Voices of Excellence interview

Anna Babel, associate professor of Hispanic linguistics in the Department of Spanish and Portuguese, spent 17 years gathering ethnographic data for her 2018 book, Language at the Border of the Andes and the Amazon. She discusses how language use creates similarities and differences among speakers of Spanish and Quechua with host David Staley. She then turns to a topic closer to home, her experience leading ally trainings for campus community members interested in supporting undocumented students. Tune in to the Voices of Excellence from the College of Arts and Sciences podcast, available on Soundcloud and on iTunes.

The Last Word: To my Latino Languages and Communities Class

Estimados estudiantes,

Ya terminada la última clase, les escribo para expresar mis mejores deseos para un exitoso fin de semestre para todos Uds. Espero que you can do a good job on your course work, and finish the semester well, but remember lo que les dije en la primera clase: you are not defined by a grade in a class. You have value as a person, and you have dimensions that go beyond lo que se mide in a gradebook. Keep it in perspective.

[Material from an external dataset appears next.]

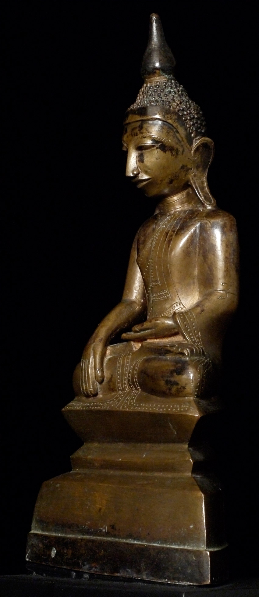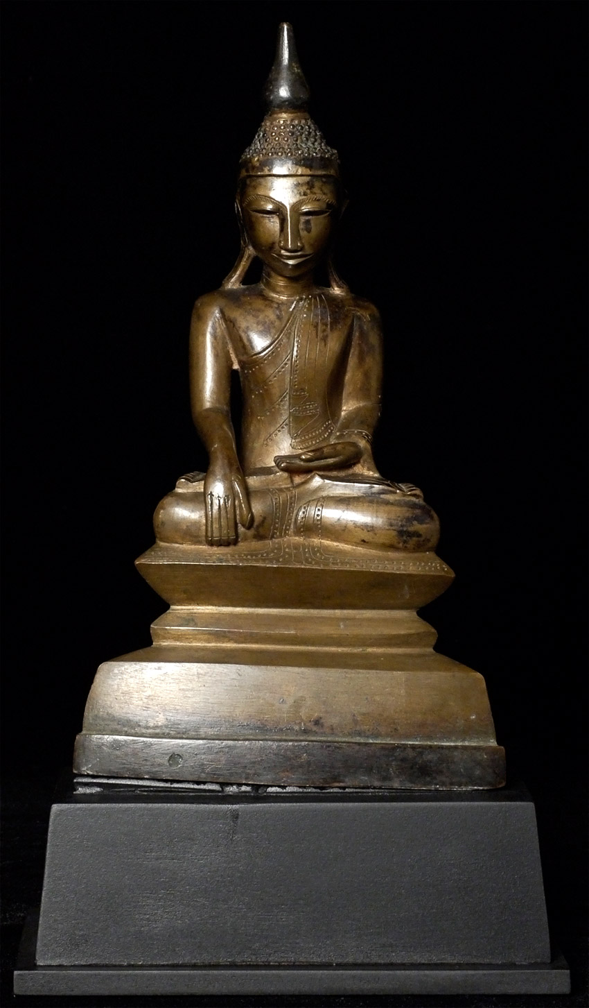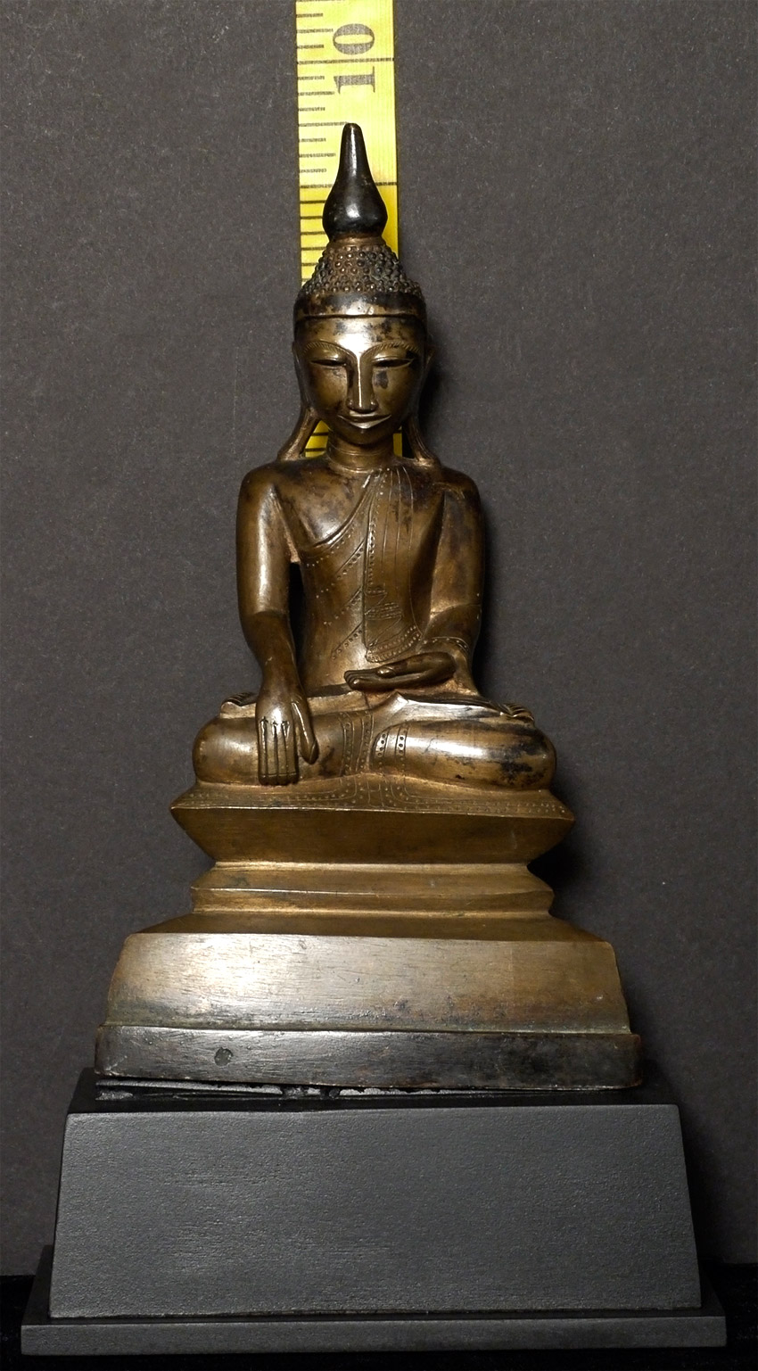 Good Burmese Shan Buddha. 7 5/8 inches tall, 9.5 inches on custom stand.

Ahora que ya pasamos el trabajo de establecer a new academic standard of code-mixing, atrévense a usarlo en sus otras clases. Push the envelope, experiment, and desarróllense una voz propia. Think about what it means to be a speaker and a writer of standard languages, y lo que implica políticamente to recognize and push back against these naturalized practices. Para citar a Anzaldúa, How have your wild tongues been tamed?

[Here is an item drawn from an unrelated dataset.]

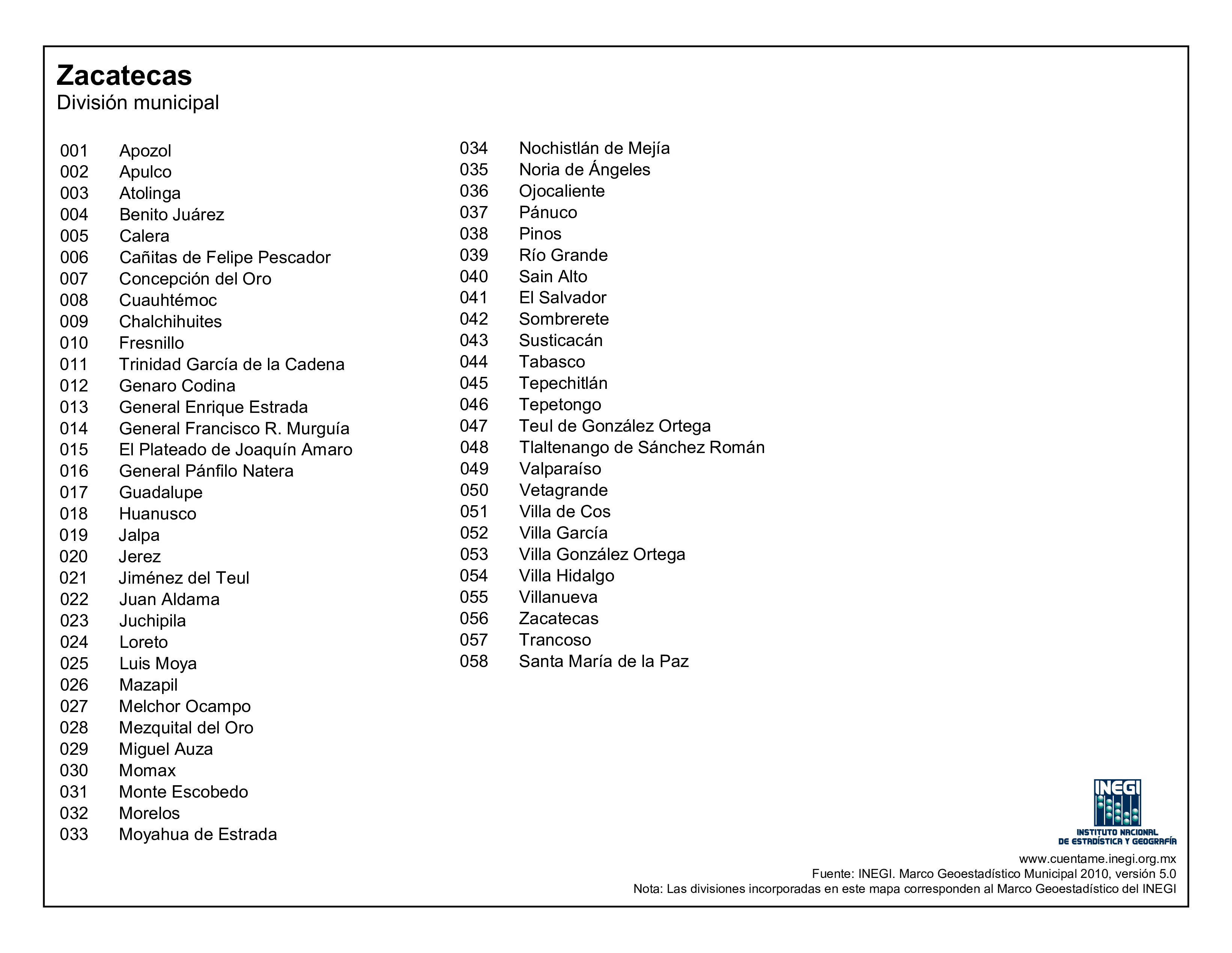 | Sombrerete | Sombrerete | 63 665 | 3607,58 |

More broadly, I hope you will move forward with your life in ways that reflect the qualities that I have seen in our class: academic acuity, critical thinking, empathy, deep engagement with structural inequalities and an appreciation for the private joys and struggles in our world. Recuerda la responsabilidad que tenemos cada uno de dedicarnos no sólo a la lingüística, sino a anthropolitical linguistics – respect for, advocacy on behalf of, and cooperation with the people who speak our languages and live in our communities.

And finalmente, please remember to fill out your SEIs. Gracias por su colaboración, and I’ve enjoyed having you all in class this semester.

Anna/Profe B

An open letter to my students

Originally published in The Lantern.

As you know from the conversations we’ve had over the past few days, I do not assume that all of us share the same political opinions.  In fact, quite the reverse — I know and respect the different points of view that each of you bring to our collective conversation.

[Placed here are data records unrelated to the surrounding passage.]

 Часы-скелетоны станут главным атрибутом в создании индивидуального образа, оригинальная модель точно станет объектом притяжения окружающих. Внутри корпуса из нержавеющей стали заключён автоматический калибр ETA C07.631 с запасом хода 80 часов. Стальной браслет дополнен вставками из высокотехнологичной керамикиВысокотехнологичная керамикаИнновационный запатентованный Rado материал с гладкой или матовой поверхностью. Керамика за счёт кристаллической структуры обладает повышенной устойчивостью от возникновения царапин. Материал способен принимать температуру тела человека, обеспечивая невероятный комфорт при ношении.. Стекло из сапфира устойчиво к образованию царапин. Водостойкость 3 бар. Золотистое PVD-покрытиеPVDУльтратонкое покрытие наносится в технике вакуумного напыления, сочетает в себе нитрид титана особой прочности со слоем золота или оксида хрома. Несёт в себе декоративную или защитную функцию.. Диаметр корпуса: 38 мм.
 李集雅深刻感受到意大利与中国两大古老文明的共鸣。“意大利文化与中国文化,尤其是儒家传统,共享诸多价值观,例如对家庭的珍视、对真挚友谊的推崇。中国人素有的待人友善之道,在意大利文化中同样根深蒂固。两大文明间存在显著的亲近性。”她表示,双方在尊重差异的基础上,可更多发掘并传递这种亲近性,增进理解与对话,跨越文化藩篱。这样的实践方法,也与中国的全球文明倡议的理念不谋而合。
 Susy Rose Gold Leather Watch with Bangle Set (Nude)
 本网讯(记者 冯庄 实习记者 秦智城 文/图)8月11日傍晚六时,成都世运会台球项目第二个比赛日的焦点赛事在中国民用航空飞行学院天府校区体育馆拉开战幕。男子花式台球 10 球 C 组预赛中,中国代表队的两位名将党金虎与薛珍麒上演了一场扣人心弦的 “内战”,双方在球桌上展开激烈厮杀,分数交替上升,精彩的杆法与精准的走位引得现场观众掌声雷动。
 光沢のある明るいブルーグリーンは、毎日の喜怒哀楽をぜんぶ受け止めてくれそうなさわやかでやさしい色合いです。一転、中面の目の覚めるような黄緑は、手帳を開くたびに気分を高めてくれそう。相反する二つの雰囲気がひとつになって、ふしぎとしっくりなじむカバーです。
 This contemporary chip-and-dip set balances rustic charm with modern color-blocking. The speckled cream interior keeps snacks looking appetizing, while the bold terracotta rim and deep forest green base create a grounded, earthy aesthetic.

I do believe that we share a common commitment to basic values of tolerance, respect and mutual trust.  These are values that I work hard to instill in our classroom, and they apply equally to all students, indeed to all of us — regardless of political affiliation, race or ethnicity, immigration status or religion.  I call on you speak out for those values today.

This Friday, Veteran’s Day, posters that advocated white supremacist ideas were hung the walls of Hagerty Hall, the building where I work.  Many of you have seen these images circulating on social media and feel upset and scared.  It is frightening to see these views openly expressed in spaces that we have all worked to make safe.  It is even more frightening to hear that this is part of a national pattern of harassment and violence against women, people of color and Muslims in the days since the election.

I feel vulnerable too.  I am a woman.  I work in higher education.  I am married to a man who is not only an immigrant, but brown and a Spanish-speaker.  I have two Latino children.  I feel vulnerable personally and I am also worried about people I love and about my children’s future.  But feeling vulnerable is different than being afraid.  It is not surprising that a political cycle that has been centered on divisiveness, resentment and mistrust should breed a legacy of fear and hate.  I refuse to be part of that.  I refuse to be afraid, and I refuse to look around me with hate and distrust.

The university is a community that is built around a set of common values.  At its best, the university is a space to explore difference, to engage with new and potentially radical ideas.  It is a space for discussion, for experimentation, for debate, for idealism in its best forms.  We cannot do that when we feel angry, afraid or hateful.  Do not close in, reach out.  Do not shut down, open up.

And so I call on you to act.  Listen to people who you know disagree with you.  Speak out when you see injustice. Stand up for what you know is right.  Get active at the community level — make this a better town, state, nation and world over the next four years.  And most of all, finish your education.  Graduate and get out there in the world to pay it forward.  I am proud to be an educator and a part of this institution.  I am proud of all of you.  We are strong not despite our differences, but because of them.  And we are all in this together.